If we consider that analogy, when the good folk at BMW were developing the all-new R50 MINI a-decade-and-a-half ago, the scale of the task must’ve been akin to reworking Wuthering Heights for the 21st century – and it wasn’t even written in their own language to begin with! (Jonathan James Tan)
Sud-Ouest (France) talks about the singer Nolwenn Leroy:
Nolwenn Leroy dit assumer un certain romantisme « mais celui des sœurs Brontë», sourit-elle. (Yannick Delneste) (Translation)
Le Monde (France) follows the new production of Jules Massenet's Werther at the Metropolitan Opera House in New York:
En transposant l'action du XVIIIe goethéen aux confins de la Belle Epoque (contemporaine de Massenet), le metteur en scène britannique, Richard Eyre, a troqué le roman d'apprentissage pour un romantisme noir digne d'un livre des sœurs Brontë. (Marie-Aude Roux) (Translation)

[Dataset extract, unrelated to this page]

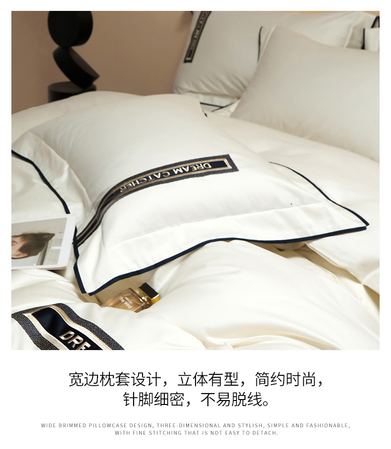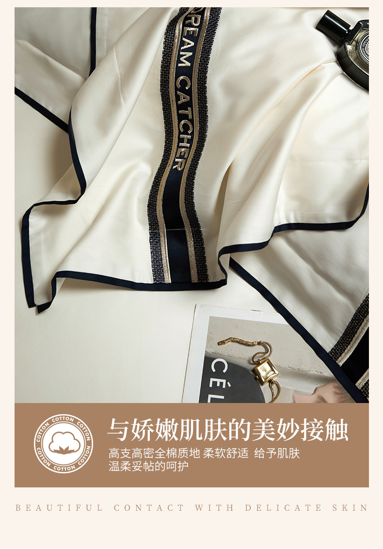 商品名称:(总)爱缦 2024新款100支澳棉CR工艺极简轻奢刺绣四件套-茹伊 风格一

L'Orient Le Jour describes like this a new song by Michel Polnareff, Le Bal des Laze:
Atmosphère néogothique mi Brontë, mi-Lawrence sur fond de dialogue entre orgue classique et basse électrique pour ce Bal des Laze qui évoque tous les pendus et les révolutions antérieures, tout en annonçant les bals sombres à venir, tant ceux des vampires de Roman Polanski, du conte Dracula de Coppola ou celui de Kubrick dans Eyes Wide Shut. (Colette Khalaf) (Translation)
La Repubblica-Parma (Italy) reports a synchronized skating performance:
La squadra di pattinaggio sincronizzato parmense si prepara per i campionati nazionali della FIHP (Federazione Italiana Hockey e Pattinaggio), in programma a Firenze sabato 22 marzo. Le 16 giovani atlete dell’Artistic Skate Roller Parma interpretano con rigore e precisione il suggestivo “Cime tempestose”, presentando elementi di crescente difficoltà: cerchi, mulini, linee, blocchi e manovre di intersezione eseguiti in sequenza su tutta la superficie pattinabile e senza alcuna sosta. (Translation)
Gente Digital (Spain) presents the YA writer Esther Sanz:
Mientras muchos cambiaban cromos en el recreo, Esther Sanz crecía leyendo los clásicos de las hermanas Brontë y las páginas de Corín Tellado y es que, desde pequeña, ya sabía que lo suyo era la novela romántica. (Sandra Bravo) (Translation)
And now a curious thing. RNE-1 (Spain) interviews Bienvenido Llopis, author of  La censura franquista en el cartel de cine where he explores the censorship of the posters and cinema memorabilia in the Spain ruled under Franco's regime. Curiously enough it seems that the local poster of Wuthering Heights 1939 was an exception
El escritor reconoce que hay imágenes que no fueron censuradas y desconoce si fue por un descuido o por permisividad. El generoso escote de la protagonista de Cumbres borrascosas fue autorizado mientras otros más discretos, como el de Lara Turner en El hijo pródigo, fueron tapados. (Translation)
Stuff I Read-Bokpandan (in Swedish) reviews April Lindner's Jane;  Pagan Spirits reviews Cara Lockwood's Wuthering High.